Livestock farming has a huge carbon footprint, so here are some ways to cut down on your meat and dairy intake.
With the impact humans are having on the environment, we all need to do our bit to tackle climate change and live more sustainably. According to a report by the UN in 2015, over 1/3 of our emissions come from food production. Carbon emissions from meat and dairy products are double that of plant-based foods. With global warming quickly becoming the biggest threat to humanity today, we urgently need to cut down on meat and dairy consumption.
Why are meat and dairy so bad?
Lots of different factors contribute to the overall carbon footprint of a food product. The biggest impacts are found in land use and production processes. Land use means that land has been taken over for a specific cause, reducing biodiversity and releasing harmful gases. For example, deforestation to make space for cattle grazing. Production processes include things such as fertiliser and pesticide use.
Here are the percentages of emissions from the different stages of food production:
- Land use (39%)
- Production process e.g., fertilisers (38%)
- Distribution process i.e., packing, shipping, processing (29%) (According to a UN report)
How can you measure your food’s impact on the environment?
To eat more sustainably, meat and dairy substitutes will help mitigate some emissions from land use and production processes. But replacing a meaty burger with a highly processed and plastic-packaged veggie burger might not reduce your overall carbon footprint by that much. Instead, you could go for an option which involves less processing, like a portobello mushroom.
Top tips for eating sustainably:
Go nuts for nuts!
- Peanuts and other nuts have a really low carbon footprint, and they are really high in protein, so munching on some peanut butter toast could actually save the planet! This is because they are often planted between crops of other plants to replenish the soil, meaning their negative land use is less impactful.

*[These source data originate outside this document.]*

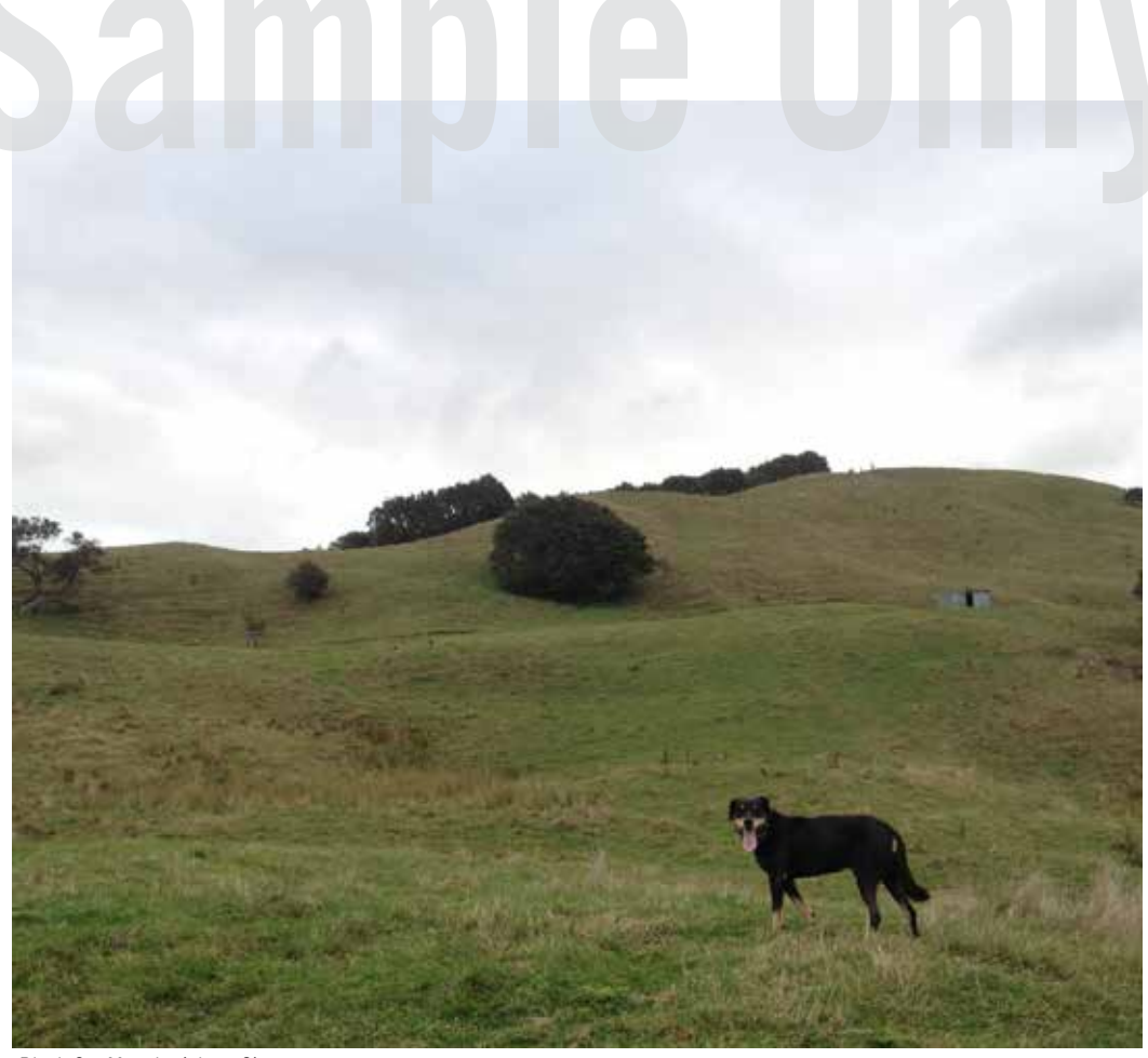
Block 2 – Manuka (photo 3)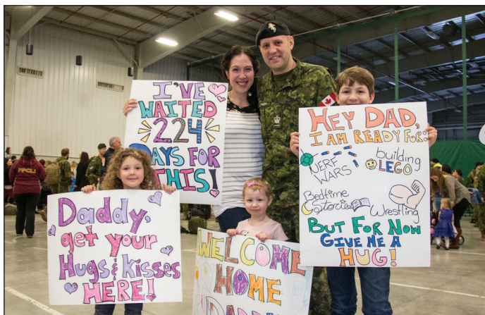
An excited family happy to have their loved one home!

The message that Deployment Support can be accessed even during short-term courses and training is one that the MFRC is continuing to promote. Short spurts away from home come with its own set of challenges, which is why offering support without time-constraints is a priority for the Centre.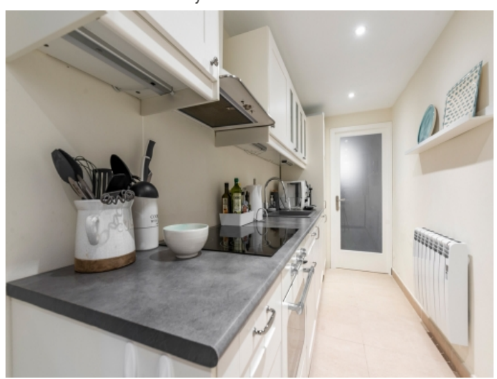
Separate, modern kitchen in white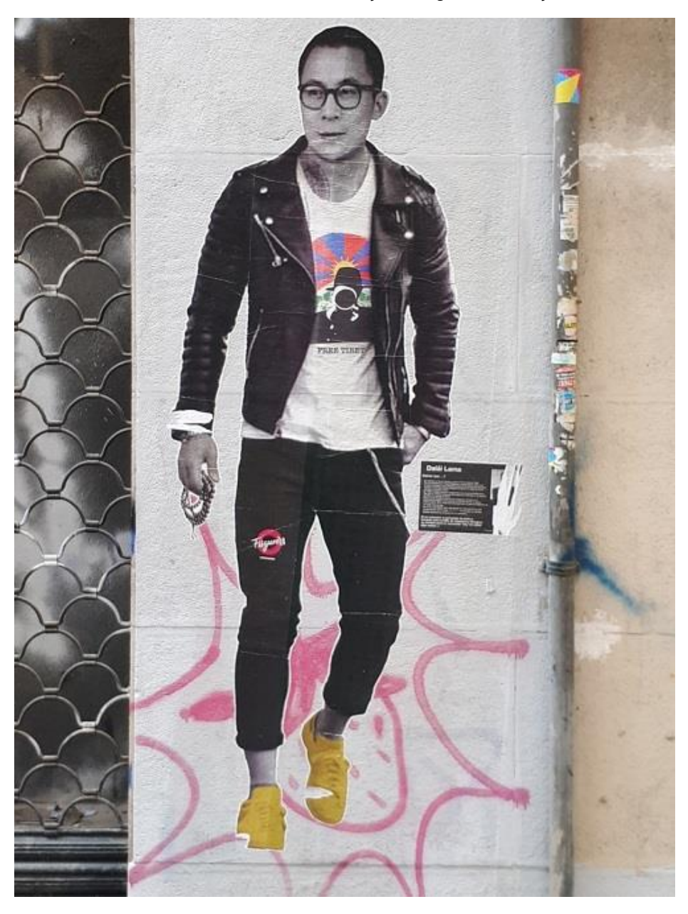
street art in valencia by unknown artist, February 2023

In a first point we present the testing conducted in the 3 countries; in a second point a selection of "best practices" or initiatives carried out on a national, European or International level to enhance diversity through creativity.

- Peanut butter is also a great source of protein, it goes in curries, noodle dishes, with your breakfast or even with a spoon straight out of the tub.
Make your meals creamy with Tahini!
- Tahini is a middle eastern condiment made of blended sesame seeds, it's available in most local and international supermarkets. It's a great source of protein and tastes like liquid gold.
Chickpeas, beans, and lentils are your friend!
- Collectively known as legumes, they have a relatively small carbon footprint and are a great addition to basically any meal – pasta, curry, salad, you name it. You can also blend up chickpeas with tahini to make houmous.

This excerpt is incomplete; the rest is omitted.